Кочевая жизнь в Сибири - стр. 51
Я часто слышал, как Додд говорил о «чёрных ваннах» камчадалов и, не зная толком, что он имел в виду, представлял себе, что эти «чёрные ванны» принимались в какой-то чернильной жидкости местного производства, обладавшей особыми очищающими свойствами. Я не мог придумать другой причины, кроме этой, чтобы называть ванну «чёрной». Однако, войдя в «чёрную баню» в Ключах, я понял свою ошибку и тотчас признал уместность этого прилагательного.
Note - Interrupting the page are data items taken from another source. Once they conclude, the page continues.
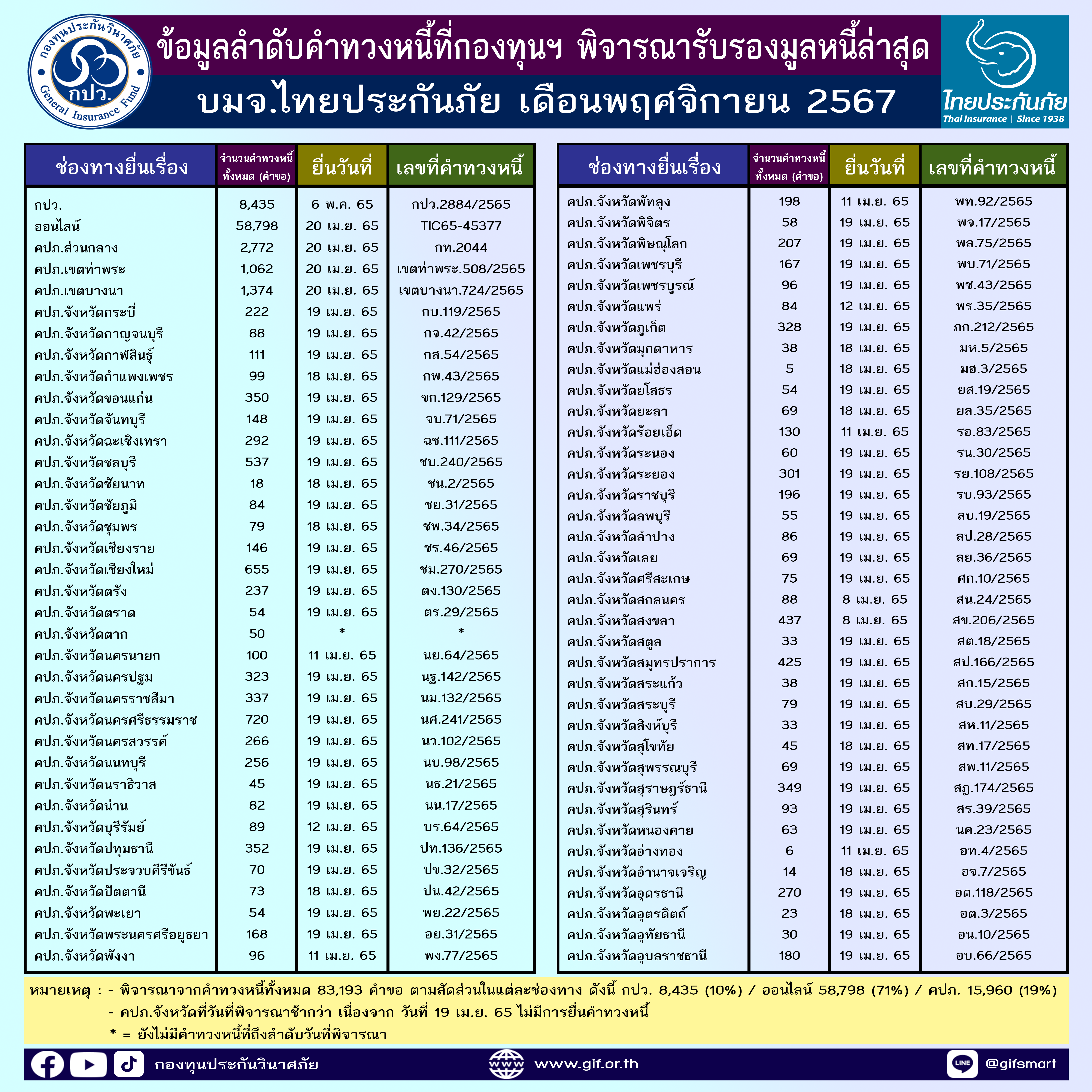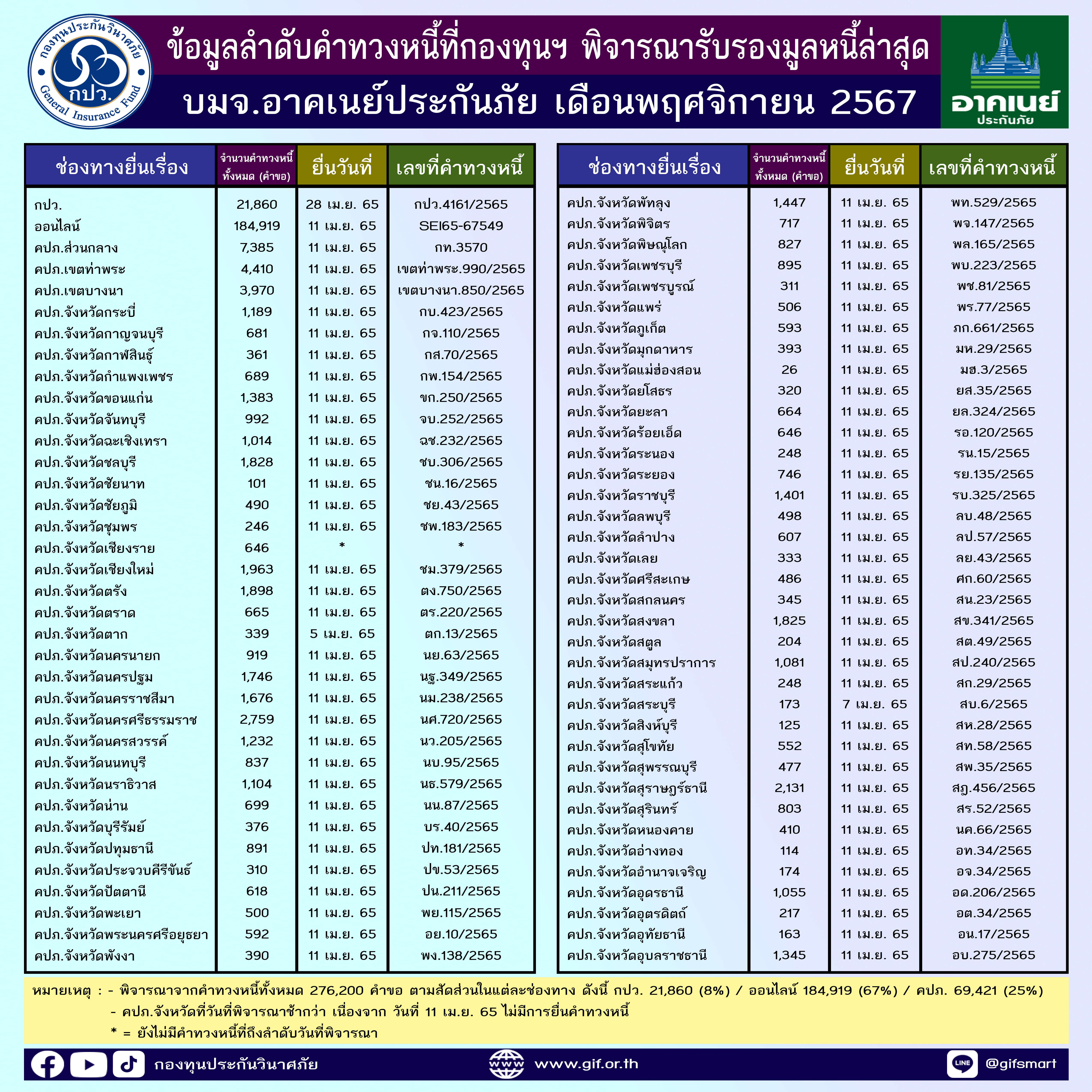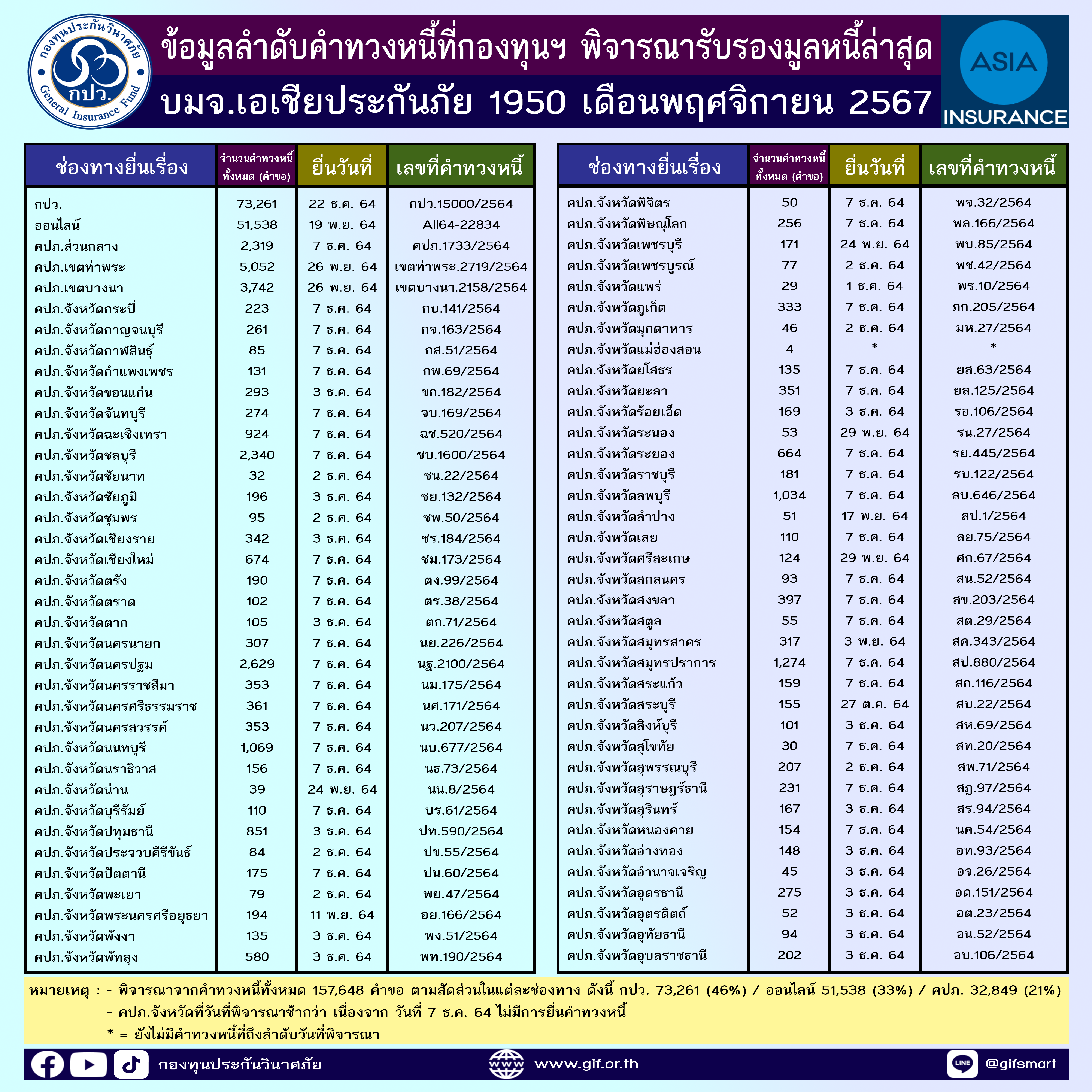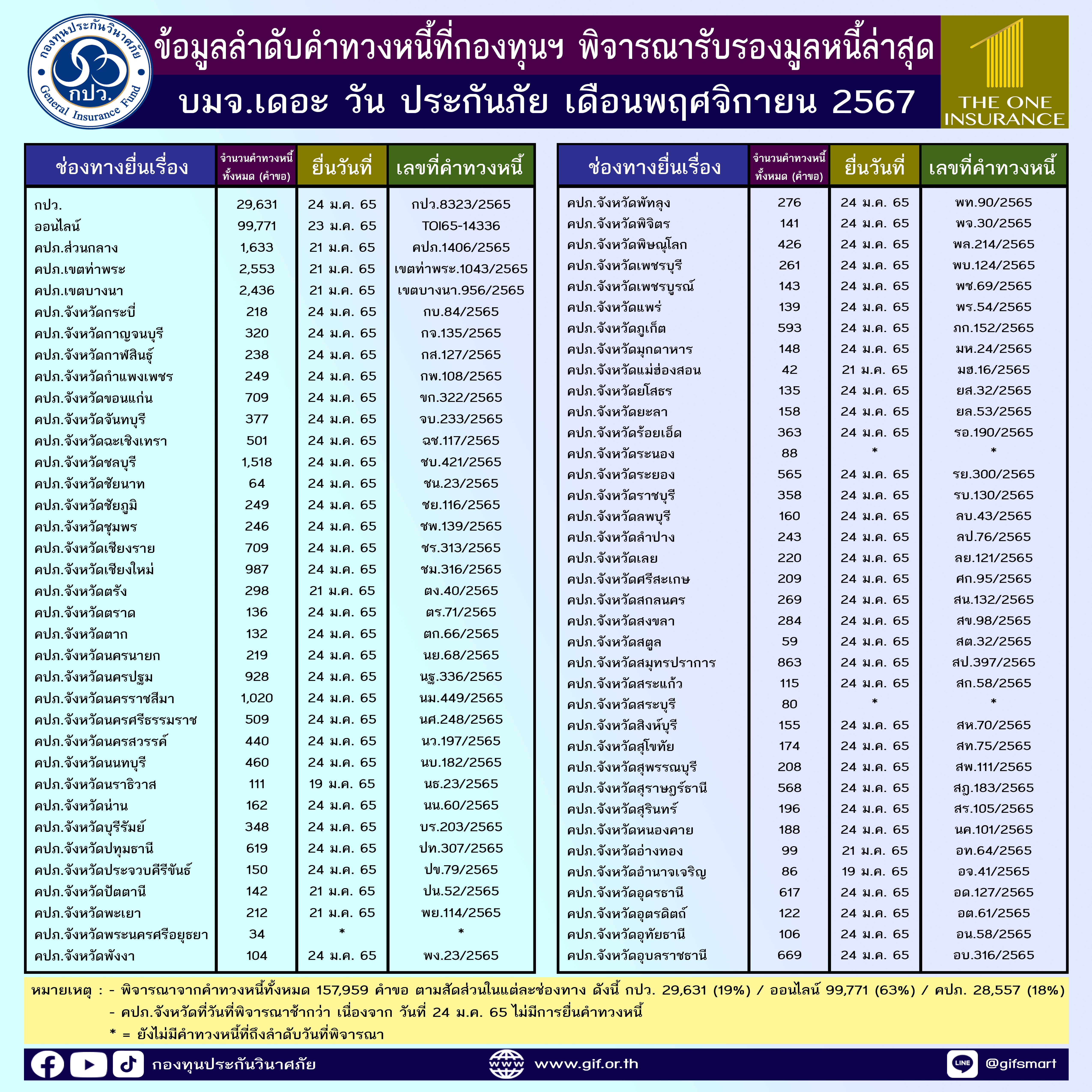 ข้อมูลลำดับคำทวงหนี้ที่กองทุนฯ พิจารณารับรองมูลหนี้ล่าสุด ประจำเดือนพฤศจิกายน 2567 ทั้ง 4 บริษัท
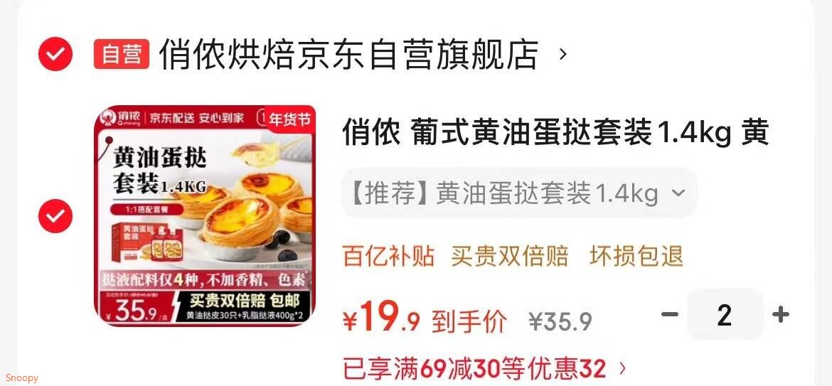 领69-30 俏侬 葡式黄油蛋挞套装1.4kg 黄油挞皮30只 挞液*2 ,拍2件 折19.9/件 好单发报员 2026年02月09日 00:07 0 举报 领69-30 https://u.jd.com/laKyhsF 俏侬 葡式黄油蛋挞套装1.4kg 黄油挞皮30只 挞液*2 ,拍2件 折19.9/件https://u.jd.com/laK3TQf 复制文案
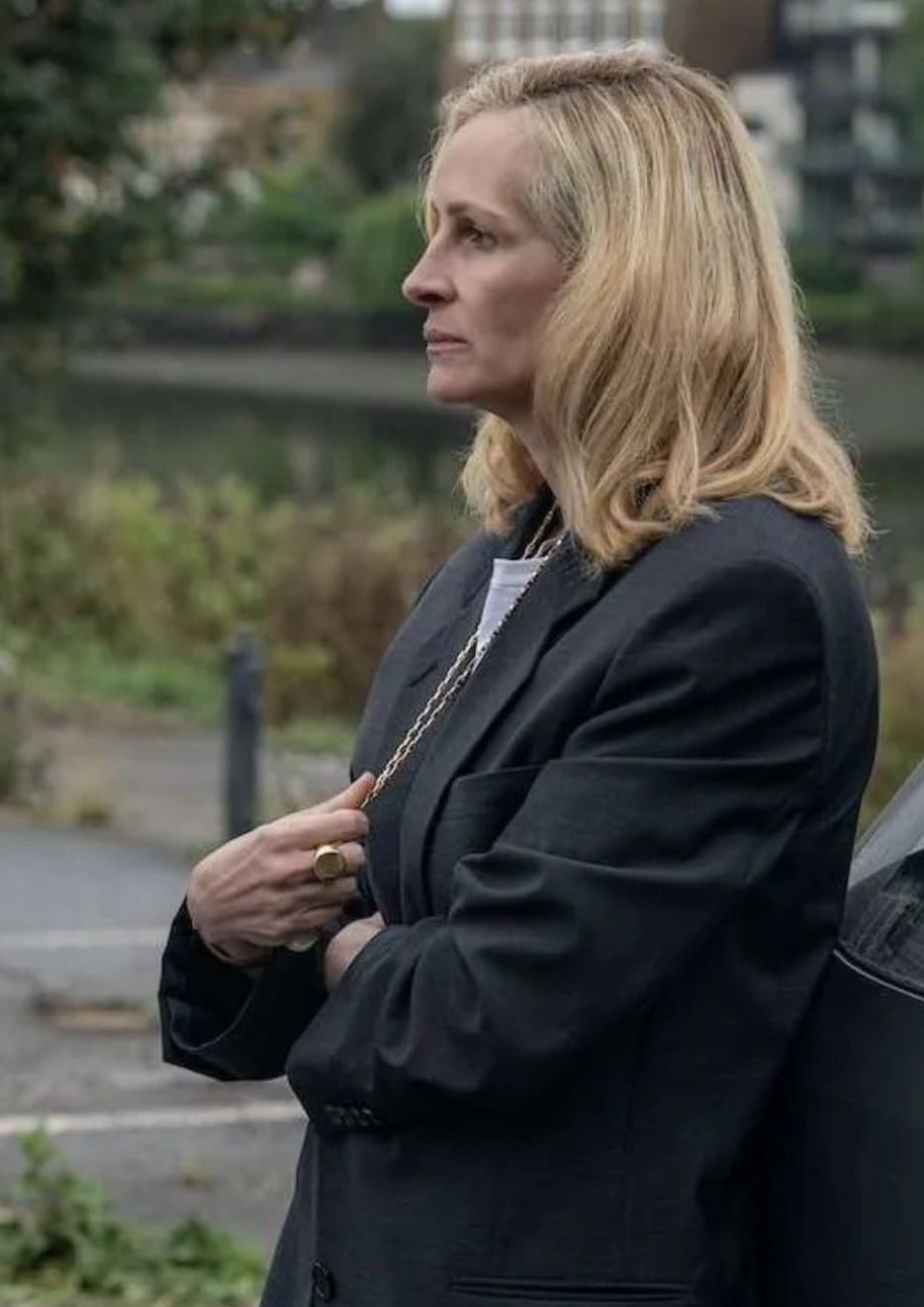 Ispirato ai power suit degli anni '90 della stessa Roberts (si pensi ai blazer doppiopetto con spalle Armani e pantaloni a righine), i look di Alma diventano man mano sempre più difficili da decifrare: "È una donna upper-class, intelligente e pratica, che lavora in un mondo maschile. Ho bilanciato eleganza e casual daywear, con blazer e camicie button-down abbinate a jeans, ma senza cardigan comodi o abiti fluenti. Linee taglienti per trasmettere costrizione, sapendo che nasconde un segreto", racconta Piersanti a ELLE. Man mano che la trama si infittisce – con Alma a un bivio tra lealtà e verità – il suo guardaroba si evolve. I blazer oversize e le camicie bianche cedono il passo a dettagli più cozy e leggeri, come a simboleggiare "che il segreto è emerso", nota la costumista. I vestiti armano la protagonista contro le pressioni istituzionali, ma ne rivelano la vulnerabilità, trasformando il tailleur in metafora di una "power dressing" repressa.
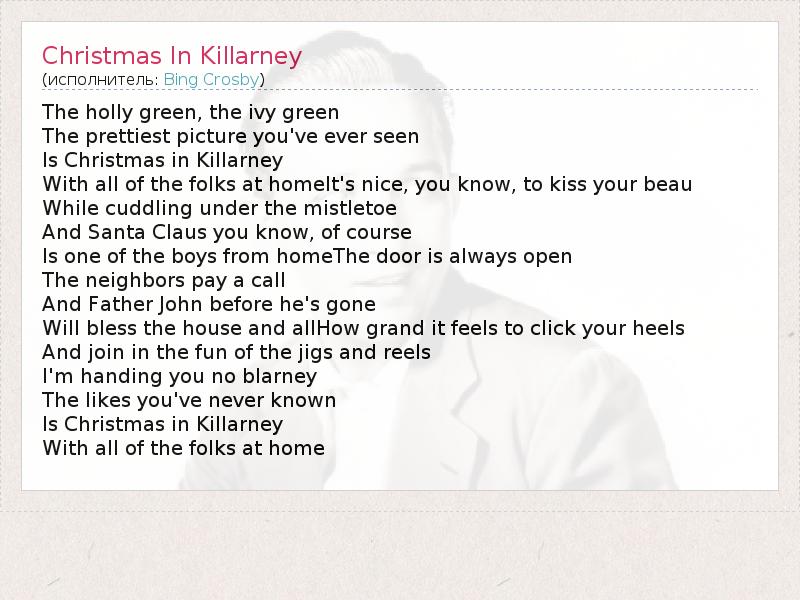 А как ты думаешь, о чем песня "Christmas In Killarney" ?
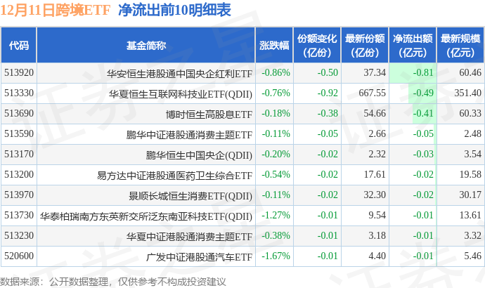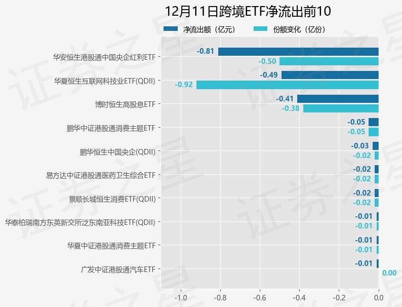 当日有10只跨境ETF基金出现资金净流出,其中净流出排首位的是华安恒生港股通中国央企红利ETF(513920),份额减少了5000.0万份,净流出额为8084.39万元。
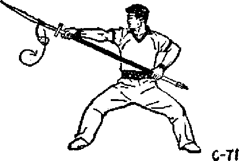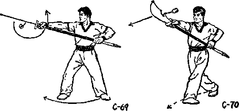 ① 右脚上前一步,同时右臂外旋屈肘回收于右腰间,手 心向上,刀刃朝前。接着右臂内旋继续向前上方、向右划 弧。手高与肩平*手心向下*刀刃朝后*目视刀尖(图C69)#
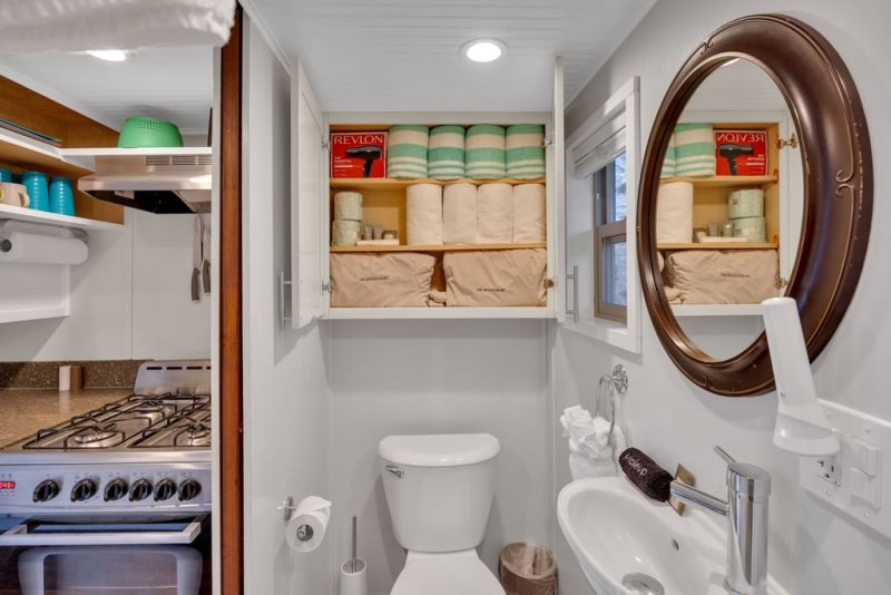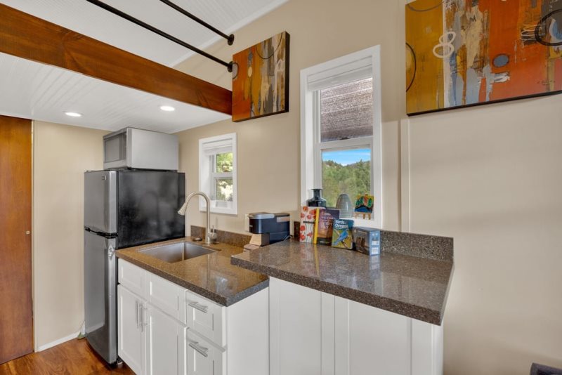 This beautiful, tiny home also has a private hot tub for your use. After a day on the lake, you can return to your private deck and grill up your food on the private BBQ. Remember pontoon boat rentals, SUP rentals, and kayak rentals.
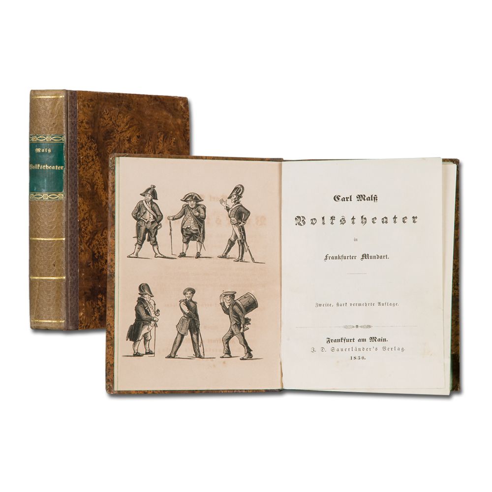 MALSS, Carl: Volkstheater in Frankfurter Mundart. Zweite, stark vermehrte Auflage. Frankfurt J. D. Sauerländer 1850. Kleinoktav. XI. 94 S., 1 Bl., 64, 48, 68, 32, 16, 56, 75, 84 S., mit 2 lithographischen Tafeln (davon 1 als Frontispiz). Halbleinenband der Zeit.
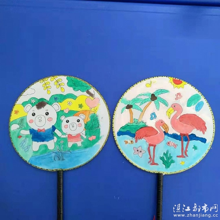 “团扇摇摇,美人袅袅”。人手各持一把团扇,为洁白的团扇涂上各种色彩,一幅幅充满创意的团扇手作跃然扇上。

Оставив одежду в маленькой прихожей, которая по предназначению была гардеробной, но не предоставляла никаких удобств оной, мы нагнулись в низкой, обитой меховой шкурой двери и вошли в ванную комнату, которая была плохо освещённой и такой чёрной, что могла служить достаточным основанием для существования самого мрачного и тёмного прилагательного в языке.
В свете сальной свечи, горевшей на полу, можно было различить очертания низкого пустого помещения площадью около ста квадратных футов, сложенного из неотёсанных брёвен, без единого отверстия для воздуха или света. Каждый квадратный дюйм стен и потолка был абсолютно чёрным от дыма, которым была заполнена комната в процессе обогрева. В одном конце помещения возвышалась большая груда камней с углублением для костра, а в другом – несколько широких деревянных ступеней, которые, казалось, никуда не вели. Как только огонь погас, дымоход был плотно закрыт, и груда горячих камней теперь излучала яростный сухой жар, который делал дыхание болезненной необходимостью, а испарину – малоприятной неизбежностью.
Дух, руководивший этим адским местом пыток, вскоре явился в лице длинноволосого голого камчадала и стал поливать раскалённые камни водой, отчего они зашипели, как паровоз, а пламя свечи стало синим в туманном ореоле. Я думал, что это раньше было жарко, но это была просто сибирская зима по сравнению с температурой, которую вызвали эти манипуляции. Мне показалось, мои кости сейчас лопнут от жара.
Подняв температуру в бане градусов до ста, туземец схватил меня за руку, уложил на нижнюю ступеньку лестницы, добросовестно облил меня всего мыльным кипятком и принялся разминать так, как будто намеревался окончательно разделить меня на мои исходные составляющие. Я не буду даже пытаться описать количество, разнообразие, и дьявольскую изобретательность пыток, которым я подвёргся в течение следующих двадцати минут.
Меня катали, колотили, остужали холодной водой и обжигали горячей, били связкой березовых веток, скребли шершавыми, как кирпич, пучками пеньки, и, наконец, положили отдышаться на самой высокой и горячей ступеньке лестницы. Облившись холодной водой, я положил конец этим мучениям и страданиям и, ощупью пробравшись в прихожую, стал одеваться, стуча зубами. Вскоре ко мне присоединился майор, и мы вышли из бани, чувствуя себя бесплотными духами.